The principal activity of the company, which remained unchanged from last year, was that of a specialist international foods distributor, together with the operation of a cash and carry centre for international and general foods.
2.Accounting policies
The financial statements have been prepared under the historical cost convention unless otherwise specified within these accounting policies and in accordance with Financial Reporting Standard 102, the Financial Reporting Standard applicable in the UK and the Republic of Ireland and the Companies Act 2006.
The preparation of financial statements in compliance with FRS 102 requires the use of certain critical accounting estimates. It also requires management to exercise judgment in applying the Company's accounting policies (see note 3).
The following principal accounting policies have been applied:
The Company meets its day-to-day working capital requirements through careful management of working capital positions. After making enquiries, the Directors have a reasonable expectation that the Company has adequate resources to continue in operational existence for the foreseeable future.
The Company therefore continues to adopt the going concern basis in preparing its financial statements.
Revenue shown in the profit and loss account represents amounts receivable for goods and management income provided during the year in the normal course of business, net of discounts, VAT and other sales and related taxes.

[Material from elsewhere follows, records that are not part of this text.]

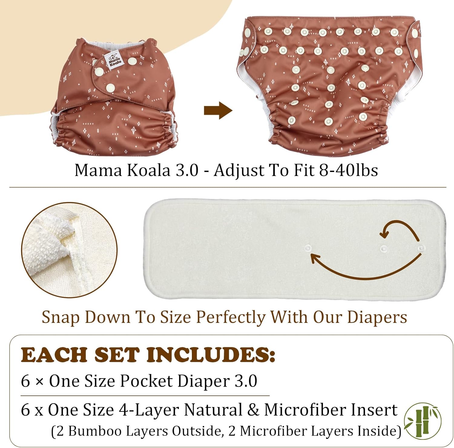 Mama Koala 3.0 Cloth Diapers for Babies, 6 Pack One Size Washable and Reusable Pocket Diapers for Newborns and Toddlers (Rainbow and Love)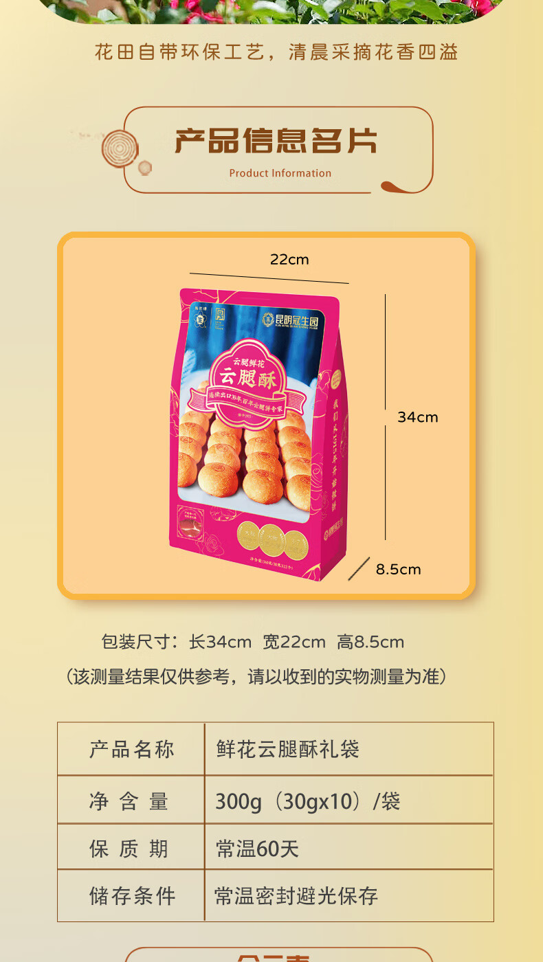 冠生园 云腿酥 鲜花云腿酥礼袋10枚 30g*10枚装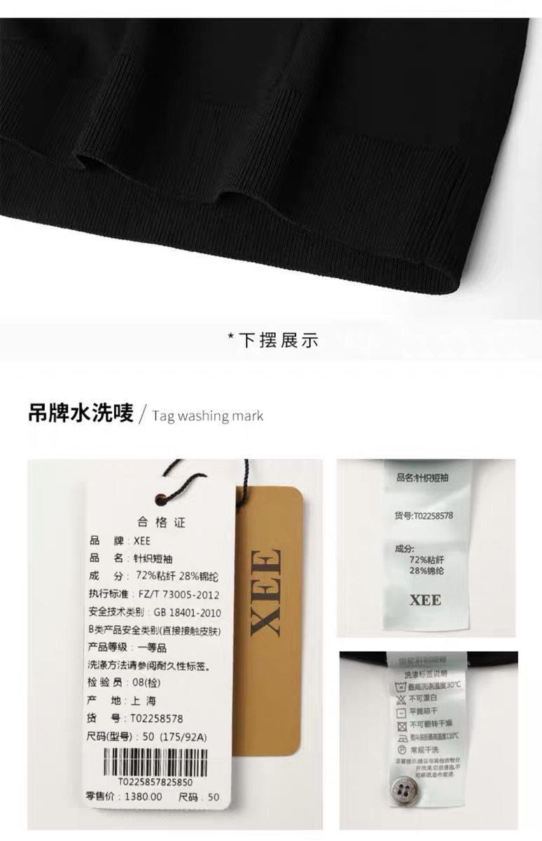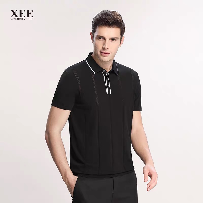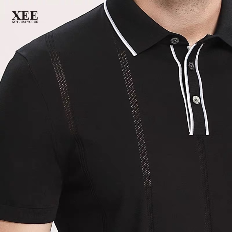 >>XEE商场同款男士黑色撞色领镂空绅士竖条纹翻领POIO衫

Sale of goods Revenue for the sale of all goods is recognised once the customer takes delivery as this is the point at which the significant risks and rewards are transferred from the Company to the customer. Sales invoices are raised when an order is received and processed. Occasionally a customer will take delivery of the goods subsequently. Accordingly, an adjustment is made to ensure that sales are recognised within the correct accounting period (i.e. the period in which the customer takes delivery). Rental income Rental income is recognised on a monthly basis in advance of the services provided. Revenue is recognised in the accounting period in which the services are rendered. With the exception of cash sales, sales are made with credit terms. The element of financing is deemed immaterial and disregarded in the treatment of revenue.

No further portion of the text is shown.